** DATASET EXCERPTS **
>>>

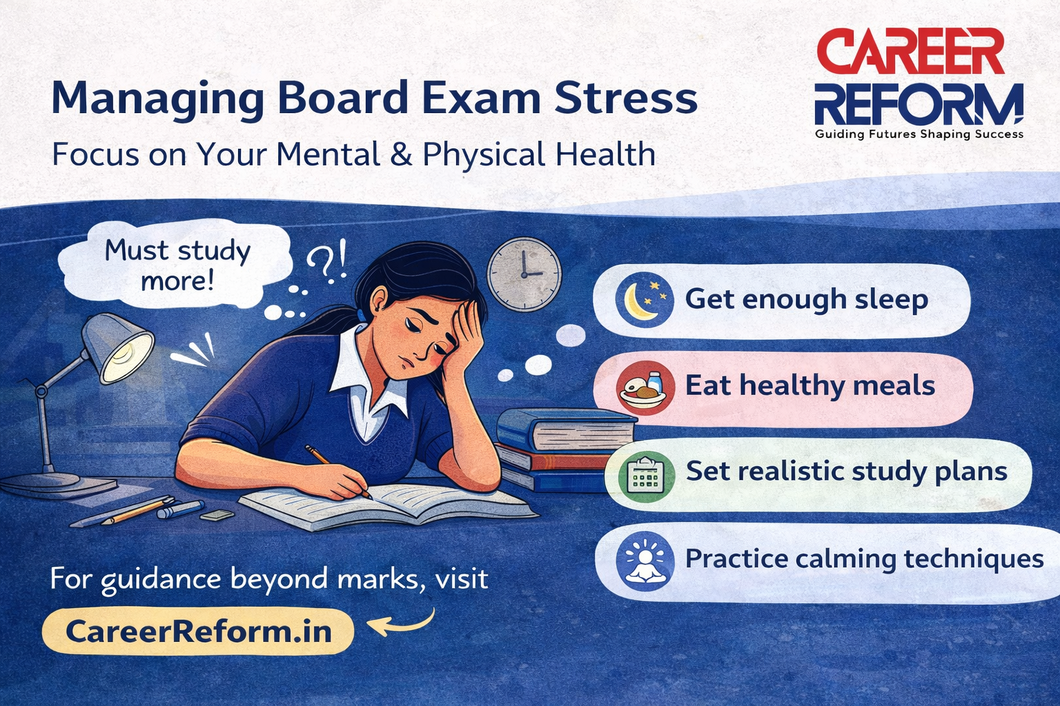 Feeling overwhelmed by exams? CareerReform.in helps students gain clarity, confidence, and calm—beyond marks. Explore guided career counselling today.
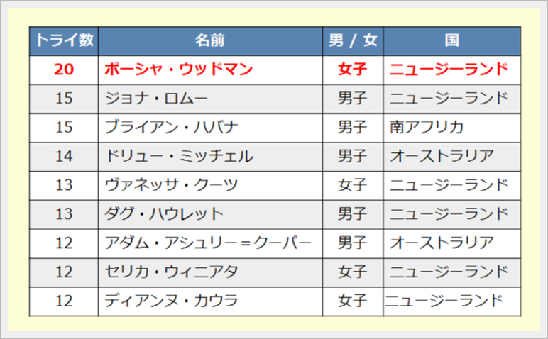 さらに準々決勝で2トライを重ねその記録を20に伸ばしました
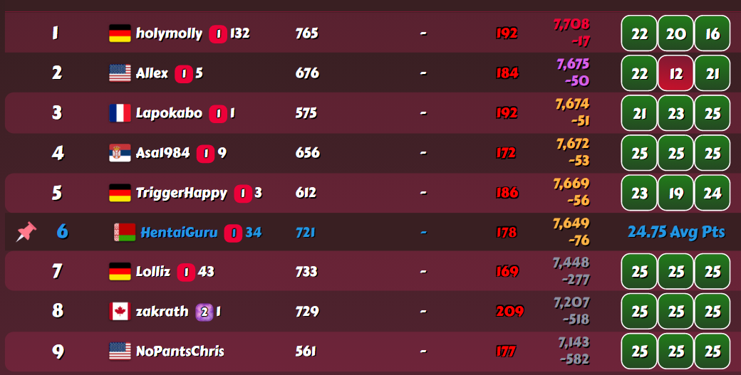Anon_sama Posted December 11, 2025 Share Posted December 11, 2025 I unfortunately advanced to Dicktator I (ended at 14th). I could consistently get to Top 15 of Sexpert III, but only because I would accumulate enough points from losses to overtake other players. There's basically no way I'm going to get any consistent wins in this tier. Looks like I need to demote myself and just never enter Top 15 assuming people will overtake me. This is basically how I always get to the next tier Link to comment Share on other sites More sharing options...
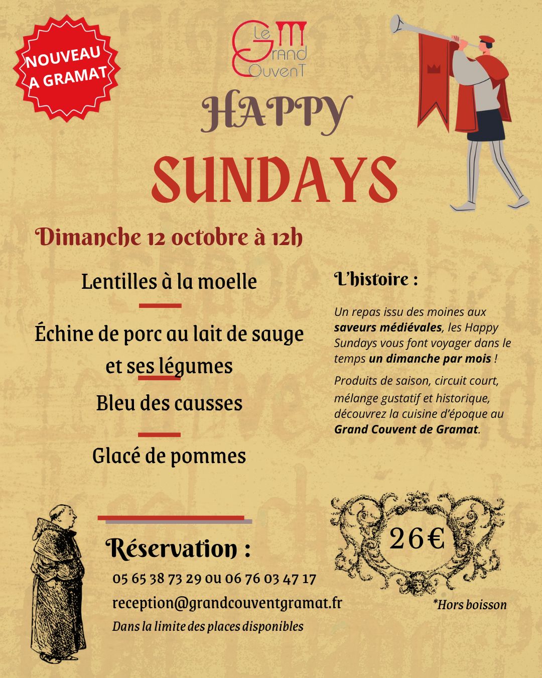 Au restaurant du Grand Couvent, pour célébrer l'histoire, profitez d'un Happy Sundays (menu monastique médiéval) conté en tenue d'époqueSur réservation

<<<
>>>

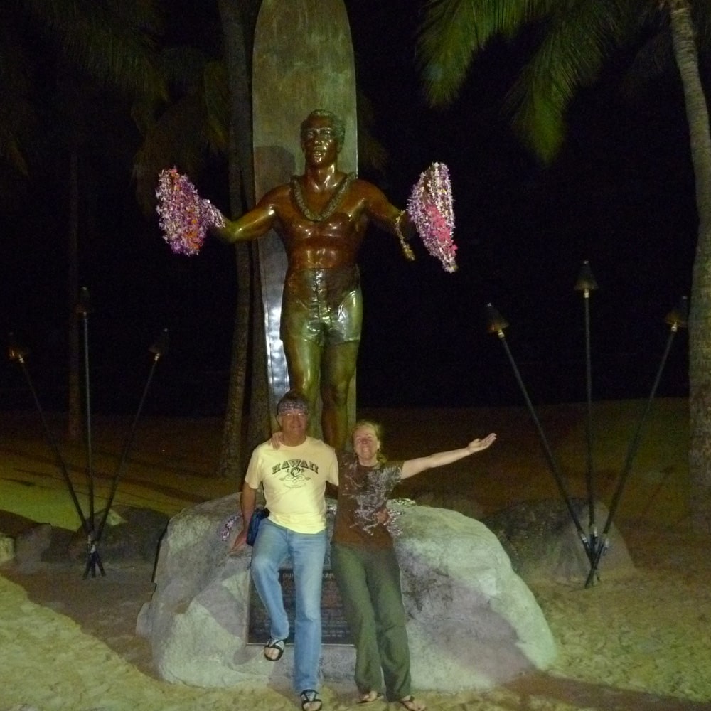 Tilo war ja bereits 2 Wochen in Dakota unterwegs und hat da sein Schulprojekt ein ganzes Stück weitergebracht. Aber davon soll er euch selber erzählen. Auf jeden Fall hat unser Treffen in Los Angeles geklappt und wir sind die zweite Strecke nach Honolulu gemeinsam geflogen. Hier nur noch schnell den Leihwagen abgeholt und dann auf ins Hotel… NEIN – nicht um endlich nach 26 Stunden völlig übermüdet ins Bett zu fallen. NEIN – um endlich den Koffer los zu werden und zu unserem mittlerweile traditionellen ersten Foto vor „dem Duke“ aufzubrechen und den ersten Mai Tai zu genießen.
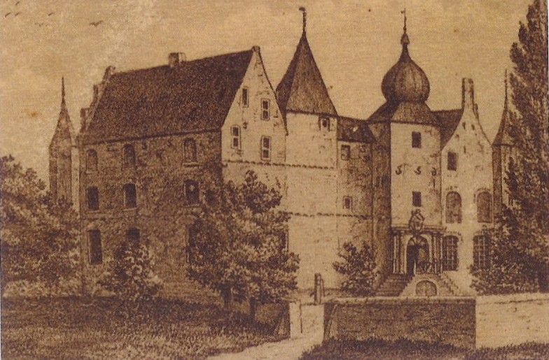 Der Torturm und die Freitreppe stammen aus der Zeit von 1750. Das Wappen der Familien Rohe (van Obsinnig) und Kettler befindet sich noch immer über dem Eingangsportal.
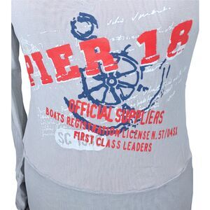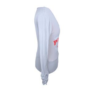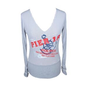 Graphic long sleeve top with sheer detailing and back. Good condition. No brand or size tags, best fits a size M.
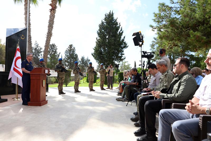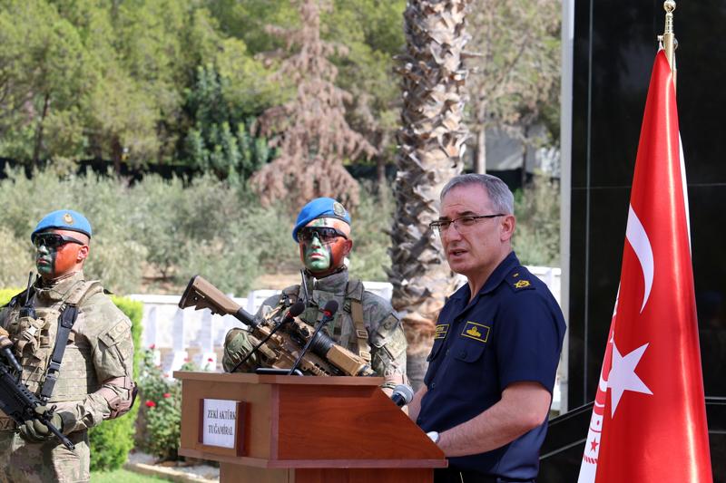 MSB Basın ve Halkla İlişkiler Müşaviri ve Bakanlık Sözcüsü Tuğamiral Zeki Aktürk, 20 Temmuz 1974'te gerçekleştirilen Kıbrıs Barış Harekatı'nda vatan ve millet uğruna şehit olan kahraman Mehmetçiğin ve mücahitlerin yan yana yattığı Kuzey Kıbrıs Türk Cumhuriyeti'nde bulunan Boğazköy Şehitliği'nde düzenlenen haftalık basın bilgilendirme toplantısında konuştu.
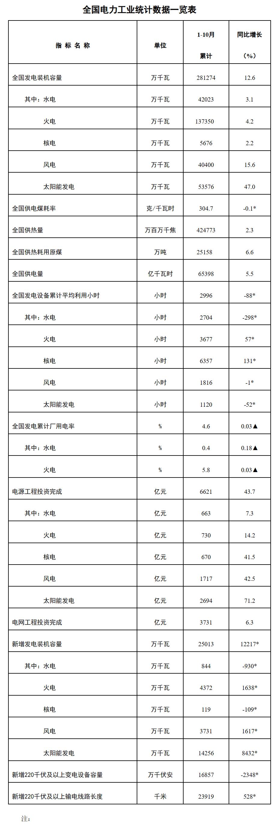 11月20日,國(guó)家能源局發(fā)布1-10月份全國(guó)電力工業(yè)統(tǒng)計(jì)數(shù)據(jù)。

<<<

** TASK ITEM **
What you write out is the stretch of entries from the line containing "Feeling overwhelmed by" to the line containing "Anon_sama Posted December", word for word, with both end lines and no pictures.

** OUTPUT OF THE EXERCISE **
 Feeling overwhelmed by exams? CareerReform.in helps students gain clarity, confidence, and calm—beyond marks. Explore guided career counselling today.
 さらに準々決勝で2トライを重ねその記録を20に伸ばしました
Anon_sama Posted December 11, 2025 Share Posted December 11, 2025 I unfortunately advanced to Dicktator I (ended at 14th). I could consistently get to Top 15 of Sexpert III, but only because I would accumulate enough points from losses to overtake other players. There's basically no way I'm going to get any consistent wins in this tier. Looks like I need to demote myself and just never enter Top 15 assuming people will overtake me. This is basically how I always get to the next tier Link to comment Share on other sites More sharing options...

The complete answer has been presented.